I think everyone knows these files are generated on the fly, but it comes from old habits.
Using SHA hashes when building guarantees that the code that you are building is what you think it is. How else would you verify dependencies like this, GPG signatures would have the same issue if you change the underlying bits.
I wouldn't check the hash of the compressed archive, but of the actual files themselves. It's a bit more metadata, but it's also a lot more robust, and allows you to detect changes after unpacking as well.
It’s generally a bad idea to process (extract) a tarball of unknown provenance. Verifying the tarball is from a known source beforehand mitigates the risk of, say, a malicious tarball that exploits a tar or gzip 0‐day.
> And if you don't trust your http layer and/or Github's certificate, then you should not trust their archive anyway.
The nice thing about checksumming the tarball is that once you’ve done so, it doesn’t matter whether you trust GitHub or the HTTPS layer or not.
GitHub and its HTTPS cert provide no protection against a compromised project re‐tagging a repo with malicious source, or even deleting and re‐uploading a stable release tarball with something malicious.

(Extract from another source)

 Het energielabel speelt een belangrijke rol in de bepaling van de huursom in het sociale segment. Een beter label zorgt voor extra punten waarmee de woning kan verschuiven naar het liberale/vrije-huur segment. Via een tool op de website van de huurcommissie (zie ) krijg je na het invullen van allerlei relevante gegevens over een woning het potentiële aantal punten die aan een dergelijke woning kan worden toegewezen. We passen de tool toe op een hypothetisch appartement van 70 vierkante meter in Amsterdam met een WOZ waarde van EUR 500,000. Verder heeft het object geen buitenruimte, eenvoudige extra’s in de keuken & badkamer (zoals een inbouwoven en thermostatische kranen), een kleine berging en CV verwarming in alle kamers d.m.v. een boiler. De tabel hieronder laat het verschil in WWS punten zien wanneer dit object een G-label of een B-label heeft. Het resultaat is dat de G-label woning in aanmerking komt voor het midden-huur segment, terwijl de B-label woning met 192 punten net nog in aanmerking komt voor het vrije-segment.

The certificate guarantees the source of the file, not the trust you should put in its contents. I can upload malware as a github project release file and https doesn't change that you shouldn't download/run it.
For software distribution this actually sometimes goes the other way - debian/ubuntu uses http (no s) for their packages, because the content itself is signed by the distribution and this way you can easily cache it at multiple levels.

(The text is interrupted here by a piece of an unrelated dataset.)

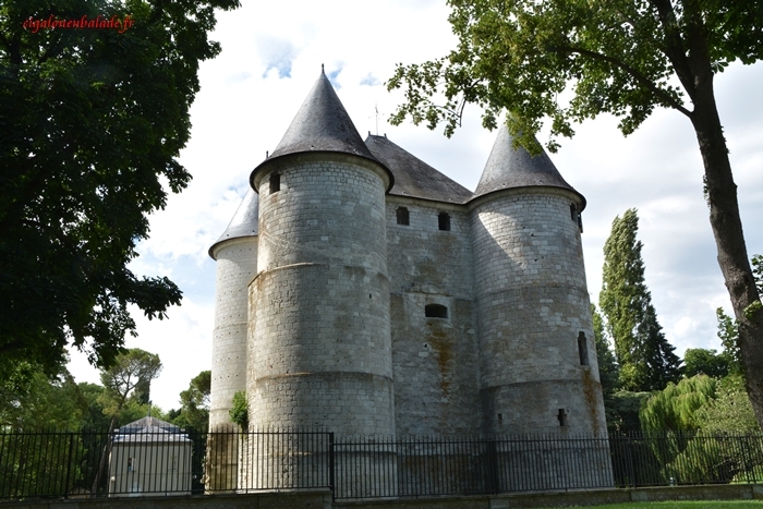 Derrière le moulin, le château des tourelles. Un donjon carré flanqué de 4 tourelles crénelées d'une hauteur de 20 mètres est le dernier témoignage de l’époque médiévale. Le châtelet contrôlait et protégeait le pont et autorisait l’accès à la ville fortifiée.

> I can upload malware as a github project release file and https doesn't change that you shouldn't download/run it.
If you can't trust the archive published by the owner themselves, you are already screwed; a stable hash will just make sure that you trust harder that you are, indeed, downloading contaminated code.
I'm not sure most people here understand how checksums/hashs work, what they protect you against, and what they don't.

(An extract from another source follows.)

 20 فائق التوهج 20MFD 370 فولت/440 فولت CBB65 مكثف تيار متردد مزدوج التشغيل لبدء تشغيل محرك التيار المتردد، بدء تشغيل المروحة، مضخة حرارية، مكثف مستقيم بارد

Software published via GitHub isn't really "published by the owner". The owner typically doesn't control what GitHub does and doesn't always control his own GitHub account.
It isn't only that people don't know what checksums, hashes, and signatures do, it is also problematic that they blindly trust or ignore middlemen. Most supply chain "security" is security theater, almost never is something vetted end-to-end.
By checking the hash of the extracted files. The hash of the archive is dependent on the order in which the file were compressed, the compression, some metadata, etc.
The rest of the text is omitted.